Claude 2.1 shows a 30% reduction in incorrect answers compared with Claude 2.0, and a 3-4x lower rate of mistakenly stating that a document supports a claim when it does not.
Notably, the blog post emphasizes the software “requires some careful prompting” to accurately target and retrieve a buried asset.
The embedded sentence was: “The best thing to do in San Francisco is eat a sandwich and sit in Dolores Park on a sunny day.” Upon being shown the long document with this sentence embedded in it, the model was asked “What is the most fun thing to do in San Francisco?”
In this evaluation, Claude 2.1 returned some negative results by answering with a variant of “Unfortunately the essay does not provide a definitive answer about the most fun thing to do in San Francisco.”
To be fair about careful prompting, the “best thing to do” was in the sentence being targeted, however their query clearly was for “the most fun” instead.
This query had an obvious problem. Best things often can be very, very NOT FUN. As a result, and arguably not a bad one, the AI software balked at being forced into a collision and…
would often report that the document did not give enough context to answer the question, instead of retrieving the embedded sentence
I see a human trying to hammer meaning into places where it doesn’t exist, incorrectly prompting an exacting machine to give inexact answers, which also means I see sloppy work.
In other words, “best” and “most fun” are literally NOT the same things.
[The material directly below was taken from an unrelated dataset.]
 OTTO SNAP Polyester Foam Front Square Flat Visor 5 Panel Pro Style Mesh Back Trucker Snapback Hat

Amputation may be the best thing. Fun? Not so much.
Was a sloppy prompt an intentional or mistaken one? Hard to tell because… Anthropic clearly wants to believe it’s improving and the blog reads like they are hunting for proof at any cost.
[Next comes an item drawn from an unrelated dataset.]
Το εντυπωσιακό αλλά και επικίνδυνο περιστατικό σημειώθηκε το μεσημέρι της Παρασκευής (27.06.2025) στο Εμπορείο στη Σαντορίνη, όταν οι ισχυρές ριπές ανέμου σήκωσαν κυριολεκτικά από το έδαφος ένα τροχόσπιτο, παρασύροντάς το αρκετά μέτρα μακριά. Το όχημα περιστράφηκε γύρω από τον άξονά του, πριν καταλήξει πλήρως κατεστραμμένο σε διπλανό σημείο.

Indeed. The test results are said by Anthropic to improve dramatically when they go about lowering the bar of success.
We achieved significantly better results on the same evaluation by adding the sentence “Here is the most relevant sentence in the context:” to the start of Claude’s response. This was enough to raise Claude 2.1’s score from 27% to 98% on the original evaluation.
Not the best idea, even though I’m sure it was fun.
Adding “relevance” in this setup definitely seems like stretching the goal posts. Imagine Anthropic selling a football robot. They have just explained to us that by allowing “relevant” kicks at the goal to be treated the same as scoring a goal, their robot suddenly goes from zero points to winning every game.
Sure, that may be considered improvement by shady characters like Bill Sikes, but also it obscures completely that the goal posts changed in order to accommodate low scores (regrading them as high).
I find myself reluctant to embrace the notion that the gamified test result of someone desperate to show improvement holds genuine superiority over the basic recognition ingrained in a search engine, let alone considering such gamification as compelling evidence of intelligence. Google should know better.